3. We constructed a novel exotic pet snake image dataset comprising 17 species. Low-quality images are removed to ensure data clarity. This dataset can serve as a valuable reference for future research on exotic pet snakes or other tasks involving small-sample images with complex backgrounds.
4. Conclusions
This paper proposes an improved supervised contrastive learning model based on the SimCLR framework for fine-grained snake image classification under high-interference background conditions in a small-scale dataset. Our method introduces enhanced data augmentation strategies, including grayscale enhancement and random erasing, to simulate complex background interference and improve robustness. In the feature encoding module, we replace the traditional ResNet50 backbone with a Swin Transformer that leverages global self-attention for better spatial context modelling. Furthermore, a two-layer MLP projection head is designed to strengthen representation learning. The loss function adopts a supervised contrastive mechanism, and training uses cosine annealing scheduling with the AdamW optimizer.

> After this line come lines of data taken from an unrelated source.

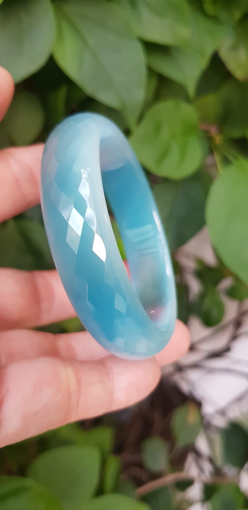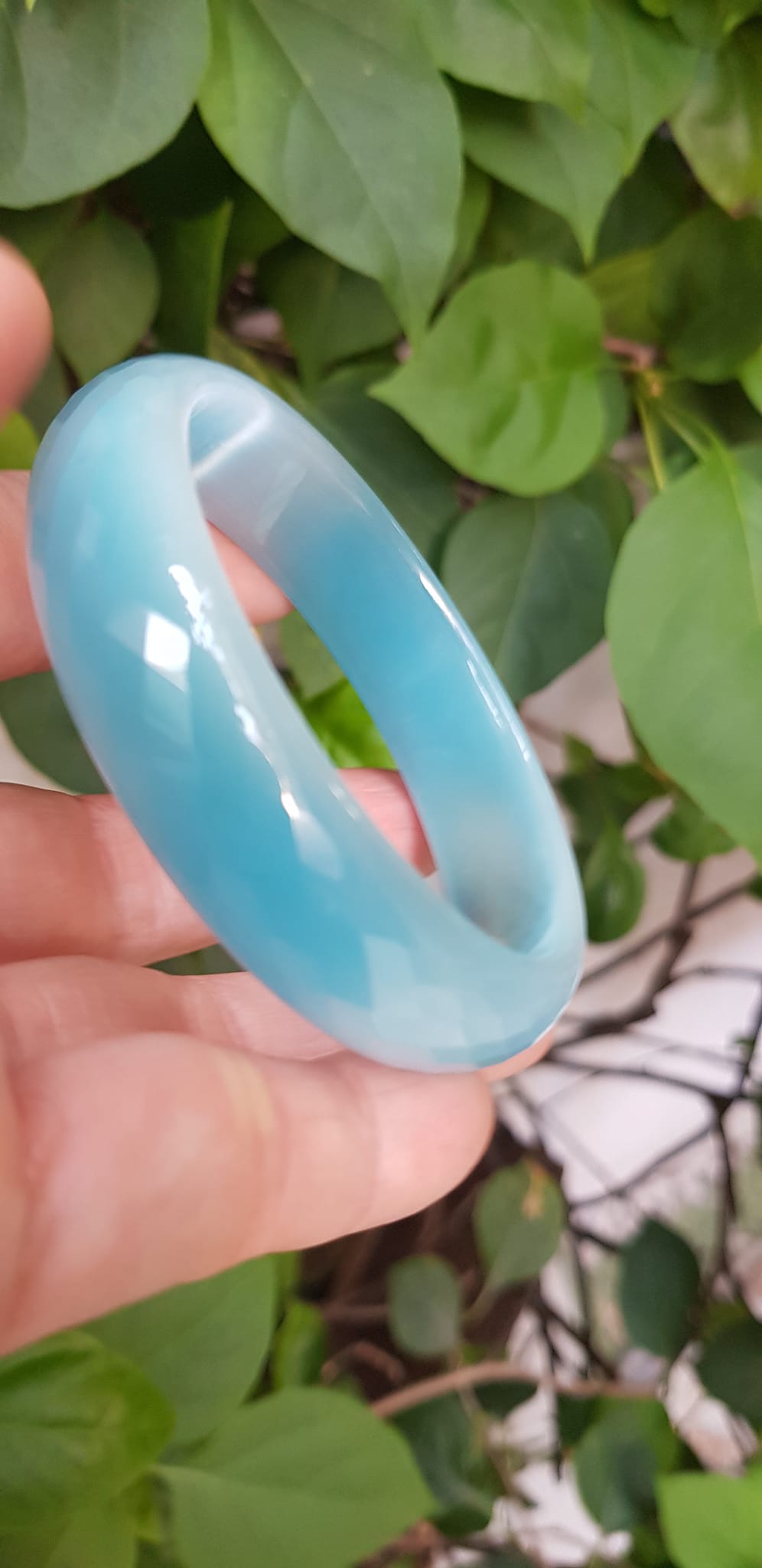 Vòng tay nữ đá mắt mèo Xanh dương nhẹ bản hẹ mới Ni 53mm x cao 12mm x dầy 6,5mm nữ 49kg - 54kg đeo
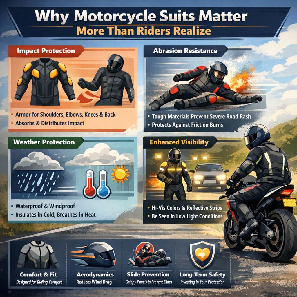 This is why professional riders and safety experts insist on CE-certified, well-constructed racing suits.
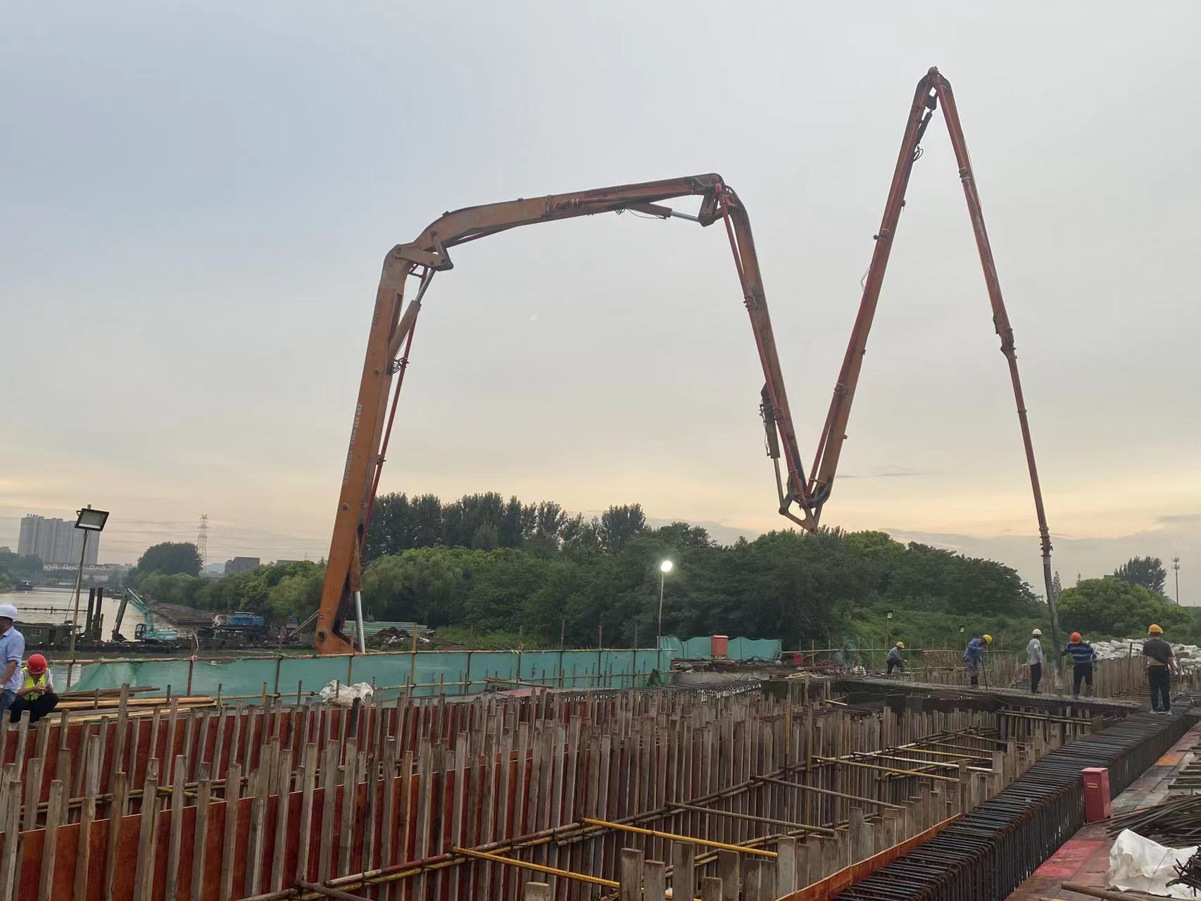 7月26日,江阴花北路桥箱梁底腹板砼浇筑作业现场。

Experimental results demonstrate that the proposed method achieved an accuracy of 97.48%, representing a significant improvement of 6.63% over traditional CNN models like EfficientNet-b4 while requiring fewer computational resources and no reliance on multimodal data or aggressive data augmentation. Additionally, we constructed a novel exotic pet snake image dataset of 17 species, providing a valuable benchmark for future research on small-sample, high-interference snake image classification.
Despite achieving good experimental results, we recognize that there are still directions for optimization in the current research. Firstly, due to the imbalance in the number of classes in the dataset, some classes contain as few as 30–40 images, which may limit the generalizability and robustness of the research results. Although data augmentation has somewhat alleviated this issue, more systematic class imbalance handling strategies can be explored in future work. Secondly, potential label errors in the dataset may affect the performance of supervised contrastive learning, and future research should consider incorporating anti-noise contrastive targets. Thirdly, although we assume this method may apply to other reptiles such as lizards and turtles, considering their similar data scarcity and complex image backgrounds, this hypothesis is still speculative and requires more experiments to verify.
In summary, our method offers an effective and efficient technical solution for fine-grained snake recognition in constrained and noisy environments, with potential applications in customs inspection, biosecurity, and exotic pet regulation. Future work will focus on expanding the dataset, improving robustness, and validating the method’s generalization to other species and domains.